Tips and Guide for Data Users
Documentation Files and Format
For any study, there are several possible types of documentation files for Research Connections data collections:
Codebook and Documentation Files
- Codebook: Information on the structure, contents, and layout of a data file. The codebook may also contain information on study design and methodology.
- Dictionary file: Information on column locations and labeling of variables
- Data map: Similar to a dictionary file
- Errata file: Errors noted for a particular collection, usually supplied by the principal investigator.
- Frequency file: Frequency of response or descriptive statistics for selected variables in a collection.
- Cross-tabulation file: Cross-tabulations for some or all variables in a collection
- User Guide: More detailed information about a particular collection, often provided by the principal investigator
- Manual: Instructions prepared by the principal investigator on some aspect of the data collection.
- Appendices: Additional documentation
- Reports: Description of findings or results based on analysis of a dataset.

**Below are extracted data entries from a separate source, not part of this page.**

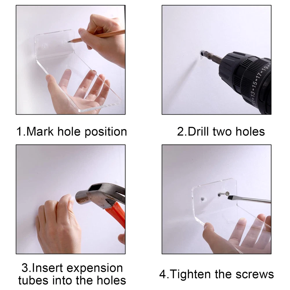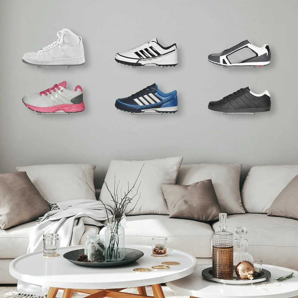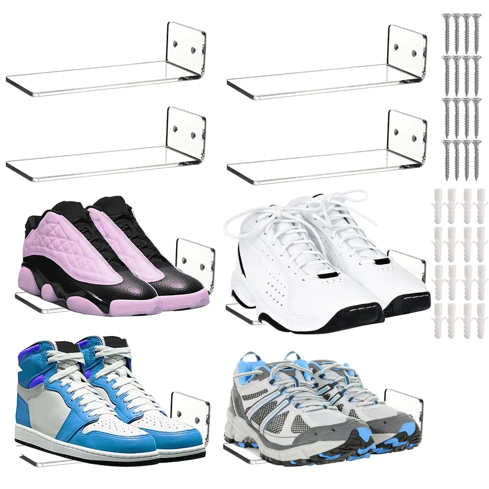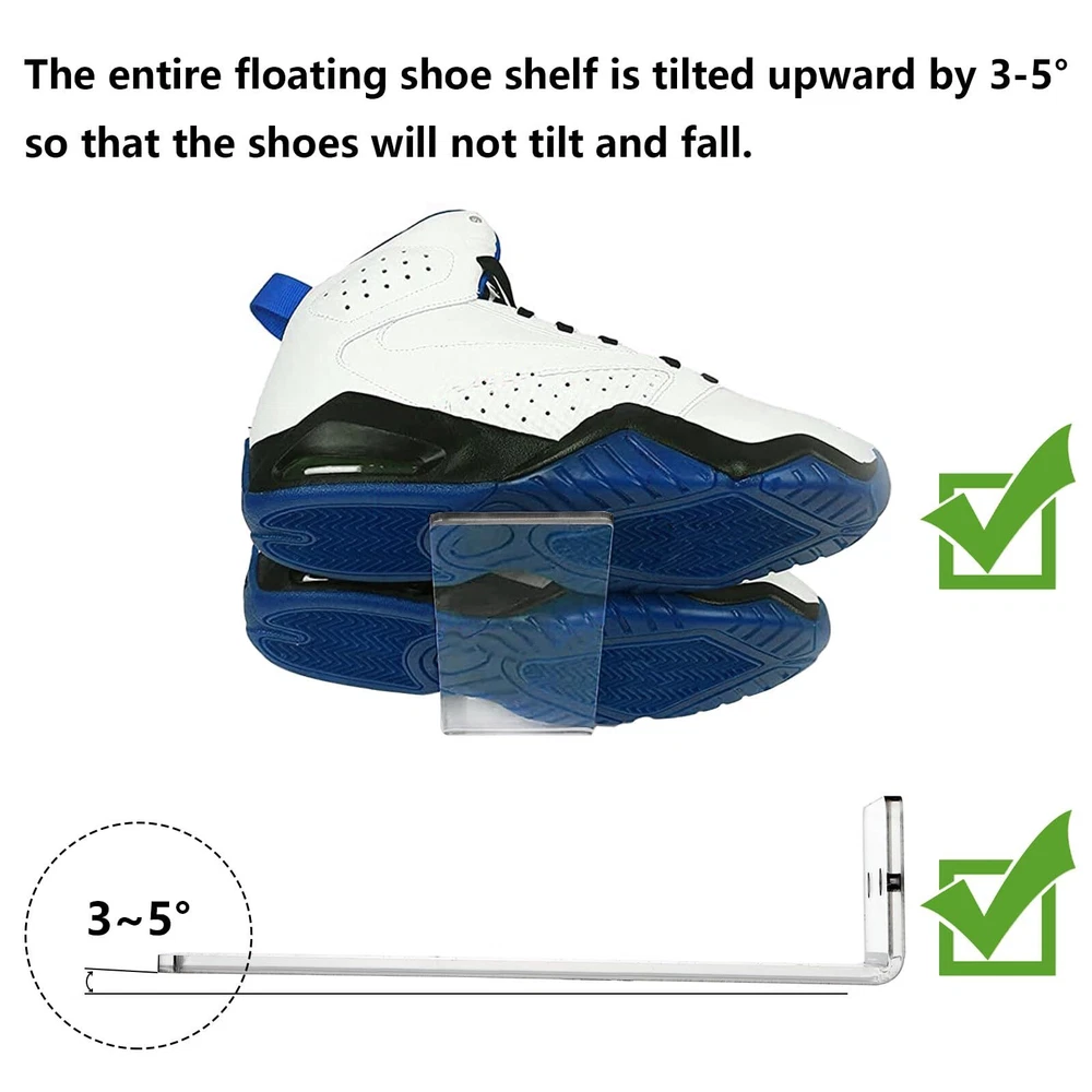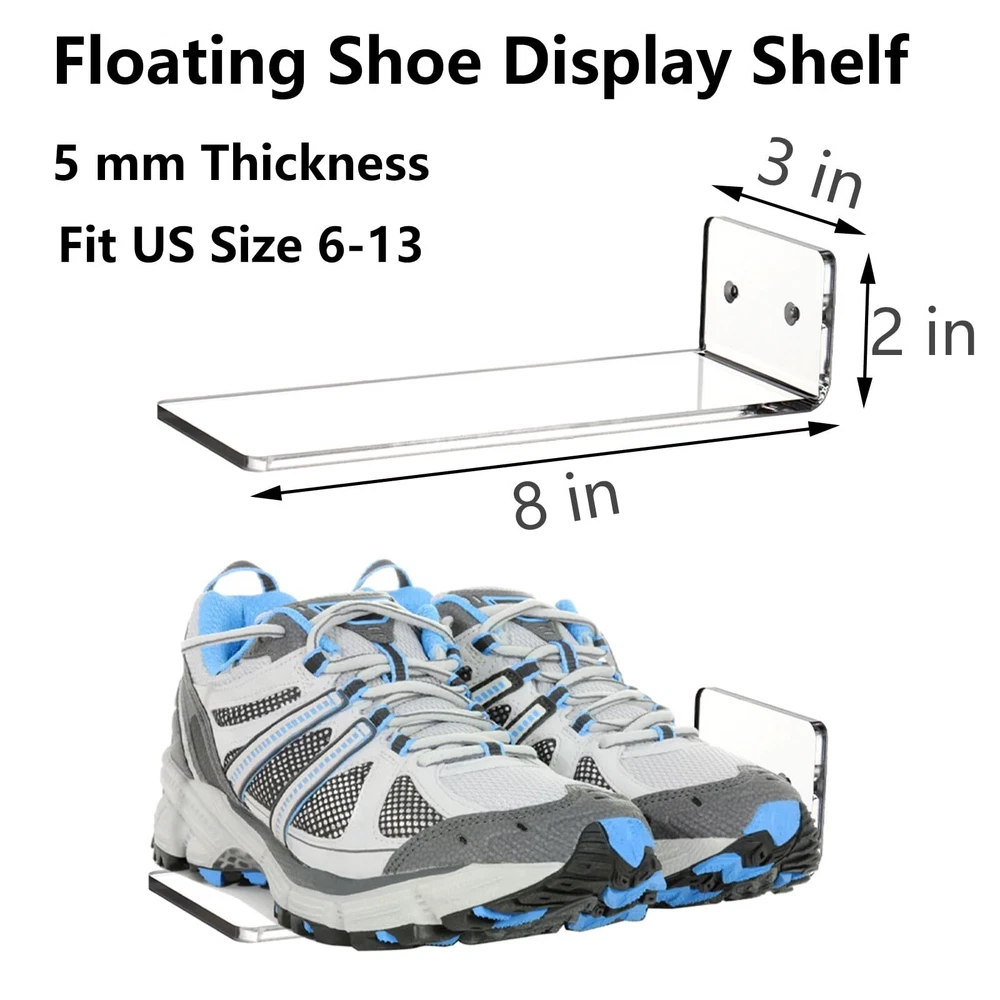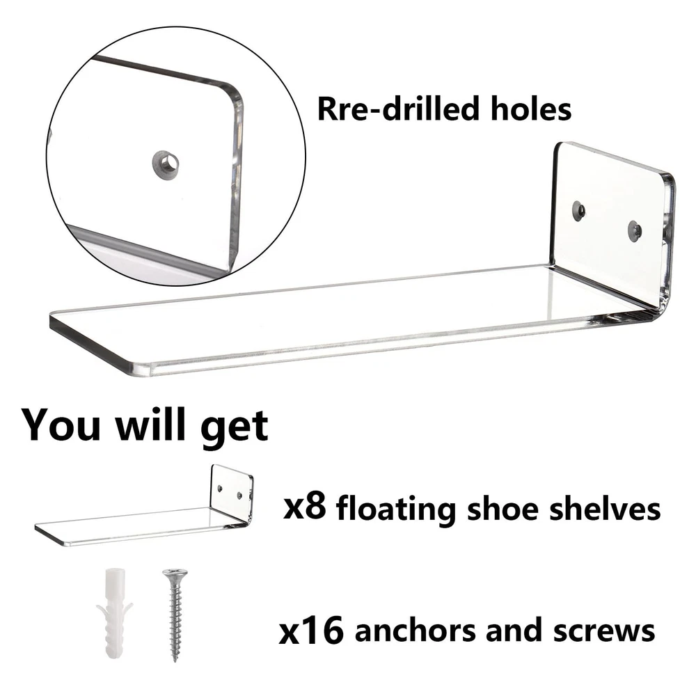 set of 8 acrylic floating shoe shelves comes with 12 screws and anchors, and 1 screwdriver. The clear sneaker shelves measure 8 x 3 x 2 in (L x W x H), each shelf holds one pair of shoes and fits US sizes 6-13. Display Your Shoes: The wall mounted shoe racks are designed with wide contact side for firmly support with wall and shoes. And the the display shelf has 3-5° lifted angle to prevent the shoe from tilting down. High Quality: Our shoe wall shelves are made of high quality acrylic, strong and durable, has a smooth surface and a rounded edge design. Easy to clean and you can expect to use for long time. Note: There is a protective film on the surface of the shelf, simply tear off before use. Decorate Your Room: With such concise and practical design, this shoe display shelves allow you to well showcase your sneakers to the largest extend and makes it an eye-appealing decoration to your room. These set of floating sneaker display shelf are great for living room, bedroom, playroom, dorm rooms, hallway and various scenes. Easy to Assemble: Every acrylic shoe shelf has two predrilled holes and all the hardwares are included. You can simply follow the instruction steps without much effort. It also makes a great gift for family, friends, etc.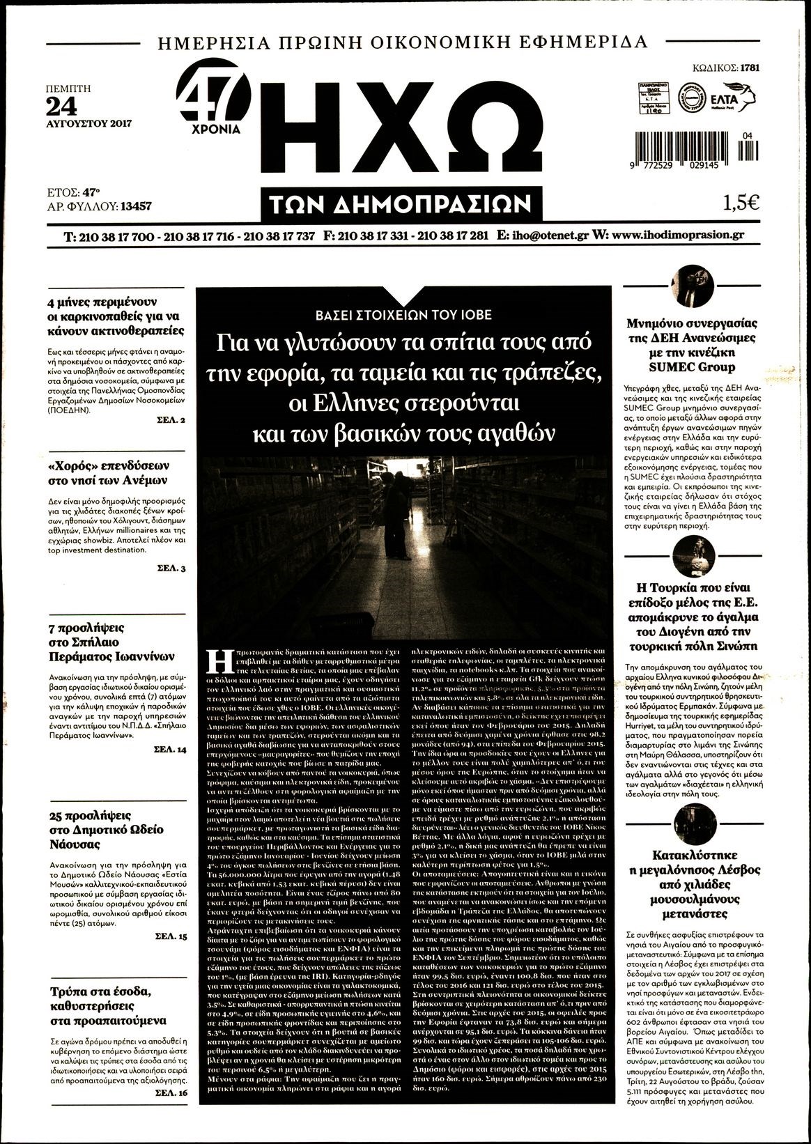 Οι οικονομικές εφημερίδες 24/8/2017 Enikos Newsroom 07:30, Πέμπτη 24 Αυγούστου 2017 Media Διαβάστε τα σημερινά πρωτοσέλιδα των οικονομικών εφημερίδων: ΟΙΚΟΝΟΜΙΚΕΣ ΕΦΗΜΕΡΙΔΕΣ ΠΡΩΤΟΣΕΛΙΔΑ Μοιράσου το: σχολίασε κι εσύ (0 σχόλια) Ακολουθήστε το enikos.gr στο Google News και μάθετε πρώτοι όλες τις ειδήσεις Δείτε όλες τις τελευταίες ειδήσεις από την Ελλάδα και τον Κόσμο στο enikos.gr Ειδήσεις Ροή Ειδήσεων 1 ώρα πριν Αυξάνουν την πίεση προς την κυβέρνηση οι αγρότες: Κλείνουν παρακαμπτήριους και ανοίγουν διόδια – Τι θα γίνει τις γιορτές 7 λεπτά πριν ΟΠΕΚΕΠΕ: Προφυλακιστέος ο φερόμενος αρχηγός και ο λογιστής της εγκληματικής οργάνωσης 1 ώρα πριν Φοινικούντα: Το Σάββατο απολογείται ο 30χρονος γιος γνωστού επιχειρηματία της Πλάκας που παραδόθηκε – Όσα είπε στους αστυνομικούς και ο ρόλος του στο έγκλημα 48 λεπτά πριν Μπορεί ο Μαδούρο να αντέξει τον αποκλεισμό του Τραμπ; Τι θα χρειαστεί η Ουάσινγκτον για να τον ανατρέψει 2 ώρες πριν Πρίγκιπας Ουίλιαμ – Κέιτ: Η νέα οικογενειακή φωτογραφία για τις Χριστουγεννιάτικες κάρτες του 2025 2 ώρες πριν Ύπνος: Η απλή βραδινή ρουτίνα για να προστατεύσετε τα μαλλιά σας από το κρύο κατά τη διάρκεια του χειμώνα 3 ώρες πριν Manifesting: Πώς να συναντήσετε τον σύντροφο της ζωής σας, ανάλογα με τον μήνα γέννησής σας 2 ημέρες πριν 20 χρόνια τα Χριστούγεννα ξεκινούν στα Public με μεγάλη ποικιλία σε δώρα! 52 λεπτά πριν Αρχαιολόγοι ανακάλυψαν ρωμαϊκά τεχνουργήματα από μια πόλη που δεν υπήρξε ποτέ – Τα τρία εντυπωσιακά κτίρια και ο αμφορέας με τις… σαρδέλες 7 λεπτά πριν ΟΠΕΚΕΠΕ: Προφυλακιστέος ο φερόμενος αρχηγός και ο λογιστής της εγκληματικής οργάνωσης 17 λεπτά πριν Αθηνά Μαξίμου: Η τρυφερή ανάρτηση για τα γενέθλια του Αιμίλιου Χειλάκη – «Είναι η εκλεκτική συγγένειά μου, η επιλογή και η ευθύνη μου» 33 λεπτά πριν Παναθηναϊκός – Χάποελ Τελ Αβίβ 93-82: Με… φόρα από την Κωνσταντινούπολη 48 λεπτά πριν Μπορεί ο Μαδούρο να αντέξει τον αποκλεισμό του Τραμπ; Τι θα χρειαστεί η Ουάσινγκτον για να τον ανατρέψει 52 λεπτά πριν Αρχαιολόγοι ανακάλυψαν ρωμαϊκά τεχνουργήματα από μια πόλη που δεν υπήρξε ποτέ – Τα τρία εντυπωσιακά κτίρια και ο αμφορέας με τις… σαρδέλες ENIKOS NETWORK Σε περίοδο αυξημένης δραστηριότητας η γρίπη στην Ελλάδα-Μέτρα προστασίας από τον ΕΟΔΥ Σκέφτεστε συνέχεια συζητήσεις που έχετε κάνει; Τι σημαίνει αυτό, σύμφωνα με ειδικό Στεγαστικό: Τι λέει η ΠΟΜΙΔΑ για τα νέα μέτρα που ανακοίνωσε ο Κυριάκος Μητσοτάκης Λαγκάρντ: Αισιόδοξη για την ανάπτυξη της Ευρωζώνης, αβέβαιη για τον πληθωρισμό Χαρτογραφώντας το «σημείο χωρίς επιστροφή»: Για πρώτη φορά αποκαλύπτεται με λεπτομέρεια το ακανθώδες όριο της ατμόσφαιρας τ... Η Google καταργεί τη λειτουργία «dark web report» – Πώς θα μπορούν οι χρήστες να διαγράφουν τα δεδομένα τους περισσότερα 17:45 , Πέμπτη 18 Δεκεμβρίου 2025 ROUK ZOUK: Εορταστικό επεισόδιο με καλεσμένους τους πρωταγωνιστές του «Γιατί ρε πατέρα» Το Σάββατο 20 Δεκεμβρίου στις 21:00, η Ζέτα Μακρυπούλια υποδέχεται εκλεκτούς ηθοποιούς που όλο... 17:20 , Πέμπτη 18 Δεκεμβρίου 2025 Άγιος έρωτας: Η Χριστίνα εξομολογείται στον πατέρα Νικόλαο, απόψε στις 21:00 στον Alpha Η Νότα αποφασίζει να εκδικηθεί τον Πέτρο και τον Στέφανο, για χάρη του Λούη, όμως τα πράγματα ... 16:50 , Πέμπτη 18 Δεκεμβρίου 2025 Να μ’ αγαπάς: Ζωή και Φωτεινή συμφιλιώνονται ως μάνα με κόρη, απόψε στις 20:00 Η ταυτότητα του Άγγελου αποκαλύπτεται στο νέο επεισόδιο της σειράς “Να μ’ αγαπάς... 15:52 , Πέμπτη 18 Δεκεμβρίου 2025 Το Σπίτι Δίπλα Στο Ποτάμι: Το καθ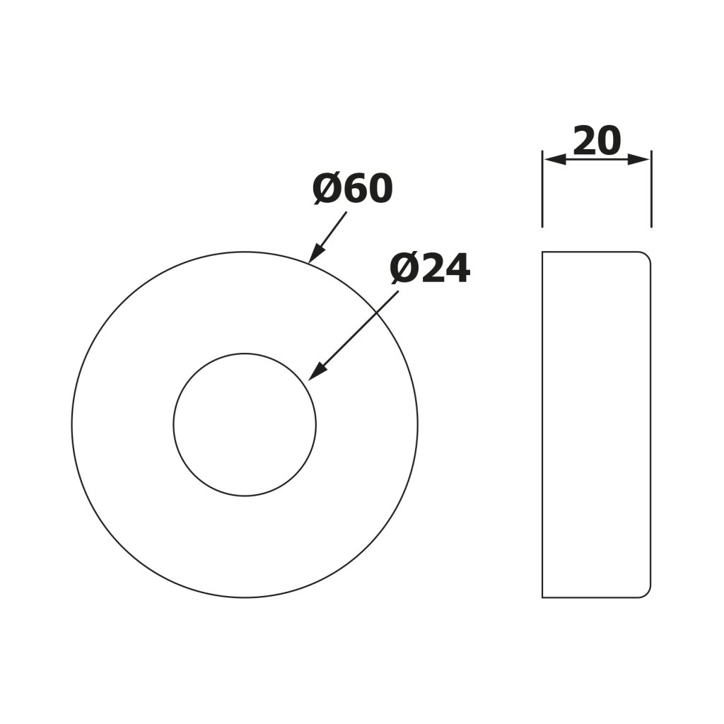 Sapho, Rozeta 60/24 mm, výška 20 mm, černá matná, RS216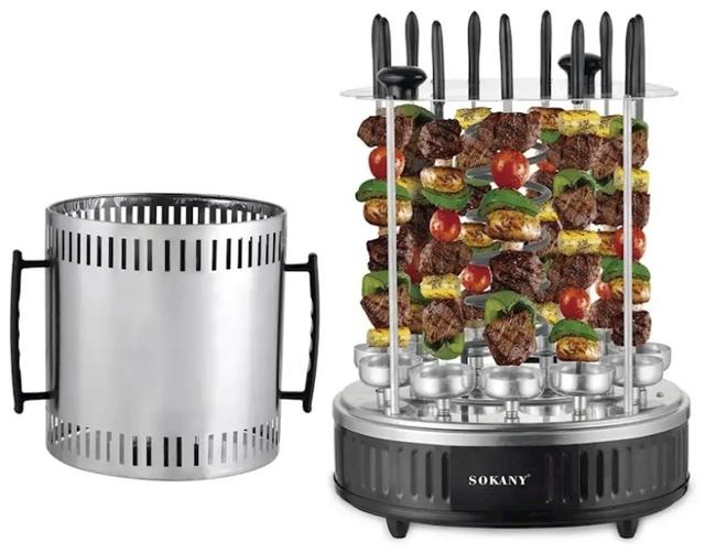 Elektrik şaşlik öndürijisi Sokany SK-6114, dik skeweri bolan planşet şaşlik öndürijisidir. Etden, towukdan, ördekden, ownuk etden, balykdan we gök önümlerden şaşlik ýasamak üçin amatly. Käbir aýratynlyklar: kuwwaty: 1500 Wt; skeweriň uzynlygy: 33 sm; skewerleriň sany: 11 bölek; material: poslamaýan polat; doly ýük bilen bişirmek wagty: 10-15 minut; bir wagtyň özünde etiň agramy: 1-1,2 kg; ýyladyş elementi merkezde ýerleşýär.

Prepared by the principal investigator.
- Record layout file: Similar to a dictionary file.
- Tables/Crosstables: Similar to frequencies files but presented in tabular format
The standard format for documentation is Portable Document Format (PDF), and we are moving toward compliance with the PDF/A standard. The PDF file format was developed by Adobe Systems Incorporated and can be accessed using PDF reader software, such as the Adobe Acrobat Reader.